The last panel, devoted to accountability metrics, quickly addressed many of the same issues. It featured Diane Auer Jones from the US Department of Education; Kate Shaw, Executive Director of Research for Action; and F. King Alexander, President of Louisiana State University.  Auer Jones caught my ear with a claim that data from two years after graduation show that liberal arts bachelor’s grads make more money than STEM grads, outside of computer science and engineering. The reason is that many of the higher-paying STEM jobs require a degree beyond a bachelor’s. It struck me as the sort of factoid that should get far more traction than it has.

Shaw and King focused on outcomes-based funding (also called performance-based funding).  Shaw drew a distinction between OBF and the college scorecard, based largely on the intended audience: as she put it, OBF is “inside baseball” that should be invisible to most parents and students.  It’s intended to improve their experiences, but without them having to pay attention to it. The scorecard is for public consumption, but the parameters of OBF are of interest mostly to administrators and trustees. 

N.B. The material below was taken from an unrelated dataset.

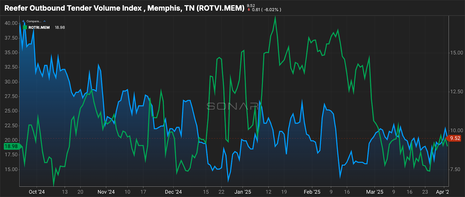 Capacity in Memphis will be tighter now compared to seasonal averages. For comparison, this time last year the ROTRI was at 4.81% versus the current 18.98%. This indicates that there are elevated spot rates in the market. Given that the 100 days of summer are right around the corner and produce season stands to ramp up over the next few weeks, it’s unlikely there will be loosening capacity in Memphis anytime soon.

King attacked the notion of “bright line” performance criteria with his characteristic quotability.  “I can hit any number. I can get the graduation rate up. Just turn away the lower-income kids, and turn away the males.”  (The point being that such measures would be ridiculous.) He also went after “voucherization,” noting succinctly that “it doesn’t do any good to raise Pell grants by $200 when I have to raise tuition $500 to make up for state cuts.”  As long as federal vouchers don’t come with safeguards to prevent state legislatures from supplanting their own money, we’ll continue to spiral downward. He concluded lamenting that nobody holds state legislatures accountable. That struck me as debatable -- they’re elected -- but the larger point held.

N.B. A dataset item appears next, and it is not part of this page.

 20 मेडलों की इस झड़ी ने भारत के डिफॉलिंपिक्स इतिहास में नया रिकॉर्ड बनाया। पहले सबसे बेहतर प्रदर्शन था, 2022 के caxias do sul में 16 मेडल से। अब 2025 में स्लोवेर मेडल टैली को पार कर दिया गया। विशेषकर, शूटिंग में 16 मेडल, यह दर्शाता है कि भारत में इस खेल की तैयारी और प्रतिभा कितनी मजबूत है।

Shaw wrapped up with a foreshadowing of a research project on baseline costs.  Echoing Tiffany Jones’ comments from another angle, she pointed out that while we argue about increments and directions, we don’t have good baseline data on how much money a community college or state college actually needs to do its job well.  Without that, introducing OBF when the underlying budget is too low is simply punitive.  

Taken in rapid succession, the picture that emerged was of a system that was built to not be a system.  By recasting students as intermediaries through which funding flows, we’ve built instability into the system.  OBF doubles down on that instability, and creates perverse incentives that quickly devolve into caricature. Americans don’t like “big government,” but the workarounds get complicated quickly.  The alternative is that we all start to look like Alaska.